Sétima petição: Mas livrai-nos do mal

A última petição encontra-se na oração sacerdotal de Jesus ao Pai: “Não peço que os tires do mundo mas sim que os preserves do mal” (Jo 17,15). Com efeito, nesse pedido “o Mal não é uma abstração, mas designa uma pessoa, Satanás, o Maligno, o anjo que se opõe a Deus. O "dia­bo" ("diabolos") é aquele que "se atira no meio" do plano de Deus e de sua "obra de salvação" realizada em Cristo”. (Catecismo, 2851) Além disso, “ao pedir que nos livre do Maligno, pedimos igualmente que sejamos libertados de todos os males, presentes, passados e futuros, dos quais ele é autor ou instigador” (Catecismo, 2854), e que nos livre especialmente do pecado, único e verdadeiro mal[10], e da sua pena, que é a condenação eterna. Os outros males e tribulações podem ser convertidos em bens, se os aceitarmos e nos unirmos aos padecimentos de Cristo na Cruz.

Manuel Belda


Bibliografia básica

- Catecismo da Igreja Católica, 2759-2865

Leituras recomendadas

- Francisco, Catequese sobre o Pai-Nosso. Trata-se das catequeses dadas pelo Santo Padre durante 16 Audiências gerais às quartas-feiras, entre dezembro de 2018 e maio de 2019

- Bento XVI-Joseph Ratzinger, Jesus de Nazaré (capítulo dedicado à Oração do Senhor).
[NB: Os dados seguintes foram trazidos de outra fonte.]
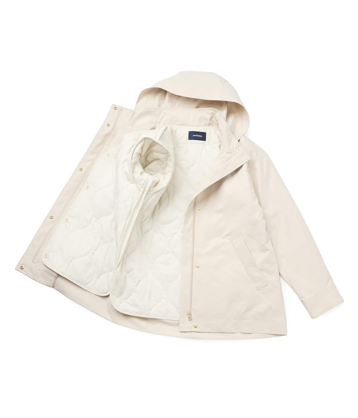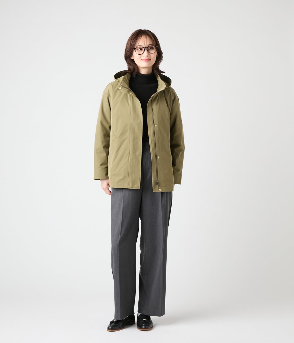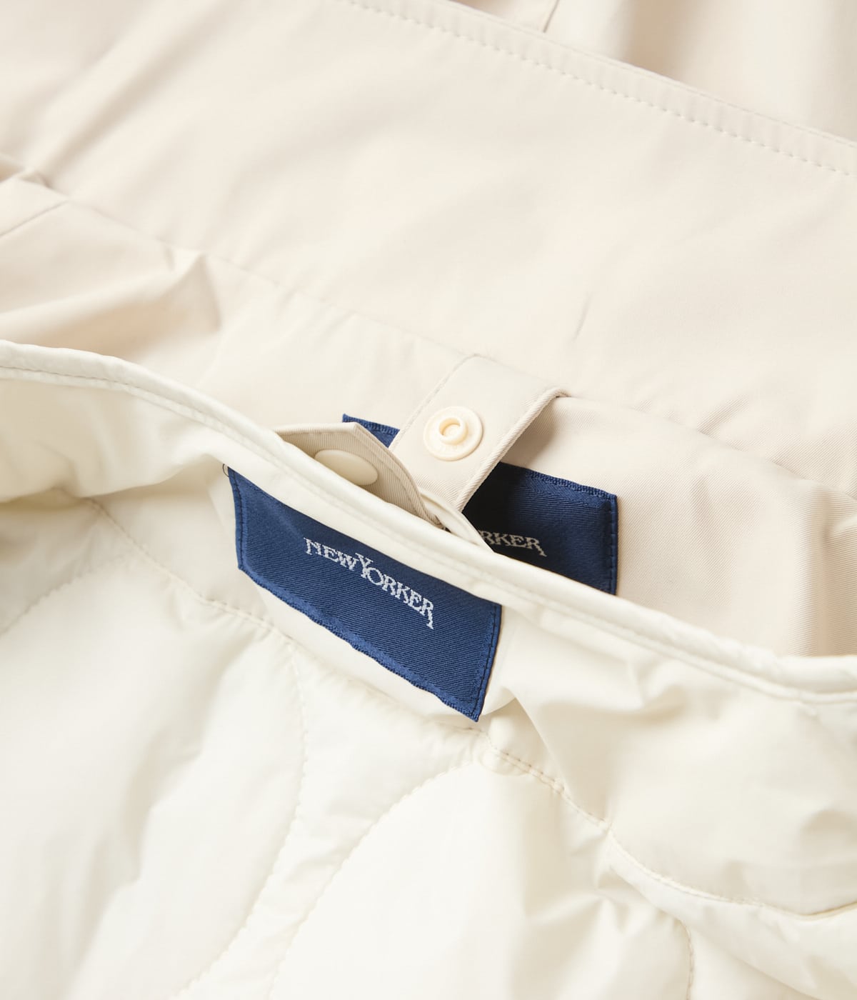 付け外し可能なキルトライナー付きで、重ねてもそれぞれ単品でも着回しの効くマルチウェイアウター。フードも取り外すことができ、季節やシーンに合わせて幅広く活躍するアイテムです。カラーはブラック、アイボリー、カーキグリーンの3色展開。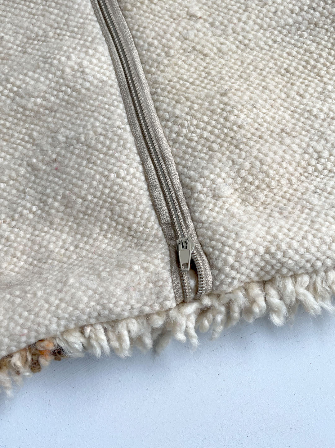 ベルベル人女性により織られたハンドメイドのラグを使用したウールのクッションカバーです。

- São Josemaria, Homilias A relação com Deus e Rumo à santidade


[1] São João Paulo II, Audiência, 1/07/1987.

[2] São Josemaria, É Cristo que passa, 13.

[3] Ibidem, 36.

[4] Ibidem, 64.

[5] São Francisco de Sales, Conversas espirituais, n. 16,7 em Obras seletas de São Francisco de Sales, vol. I.

[6] São Josemaria, Caminho, 864.

[7] São Tomás de Aquino, Summa theologiae, II-II, 82,9.

[8] São Cipriano, De dominica oratione, 12.

[9] Ibidem, 14.

[10] Cfr. São Josemaria, Caminho, 386.